Get HMTL code of a website

studio

#1

Hi,

is there some way how to store all the html code of a certain website into some text variable?

e.g. storing all the HTML source code of webpage www,msn.com to a string variable “Web_string”


#2

htmlString.xaml (5.5 KB)


How to get and store full HTML from page
#3

How would we do it if it was a secure website?


#4

It will work with both…check it out with https://www.google.co.in/.

or one more way by using HttpWebRequest and StreamReader also you can get the html of the provided url but Webclient class to simplify your work.

Regards…!!
Aksh


#5

Hi Aksh.

Is there any way that i can extract the same via DOM explorer or something similar?
Thanks.


#6

Did not get it… sorry… but DOM libraries will mostly available for server side scripting languages and if same thing you are getting with webclient then why you are not using it?


#7

This solution is very cool, and I will definitely be keeping it in mind.

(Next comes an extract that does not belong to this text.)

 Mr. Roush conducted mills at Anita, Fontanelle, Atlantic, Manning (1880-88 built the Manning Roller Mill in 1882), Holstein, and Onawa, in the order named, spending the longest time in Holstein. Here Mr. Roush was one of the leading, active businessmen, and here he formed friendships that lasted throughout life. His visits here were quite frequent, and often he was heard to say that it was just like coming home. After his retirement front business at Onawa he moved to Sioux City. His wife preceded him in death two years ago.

I find however that it’s unable to deal with some URLs… for example Microsoft support docs, such as “https://support.microsoft.com/en-us/help/4025340”. It doesn’t crash or anything, the RPA simply vanishes into the ozone attempting to execute the Webclient.DownloadString on those URLs.

At least in our shop. I suspect it has something to do with security certificates (to be able access those URLs via IE… though not FF or Chrome… we have to add the domain to Trusted Sites) or something to do with the fact that those particular URLs are redirects. For example, URL “https://support.microsoft.com/en-us/help/4025340” will redirect to “https://support.microsoft.com/en-us/help/4025340/windows-7-sp1-windows-server-2008-r2-sp1-update-kb4025340”.

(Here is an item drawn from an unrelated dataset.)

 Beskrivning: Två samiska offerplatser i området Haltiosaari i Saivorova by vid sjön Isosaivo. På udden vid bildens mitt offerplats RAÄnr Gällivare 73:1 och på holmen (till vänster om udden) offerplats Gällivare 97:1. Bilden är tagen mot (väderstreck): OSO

So it’s not solving my particular problem this afternoon. Definitely a technique to keep in mind though.

If anyone has any insight into what goes on here, we could sure use some enlightenment!


#8

Have you tried replacing “WriteLine” with “Write Text file”? I think WriteLine has character limit which is probably holding up the process.


#9

The issue’s not with outputting the retrieved HTML string, it’s getting the string in the first place. The ‘failure’ occurs at the webClient.DownloadString(“www.support.micrsoft.com”) step.


#10

Try this way

htmlString.xaml (7.9 KB)


#11

Hey everyone,

@vvaidya I am trying to extend this and search the source code for a string (variable or URL) and then write the results to a csv file.

For example, I want to be able to read the source code at https://www.samsung.com; see if the code contains “https://twitter.com/” and then write the value to a csv file.

Thanks,


#12

How do I supply username and password to a secure site using your htmlString example?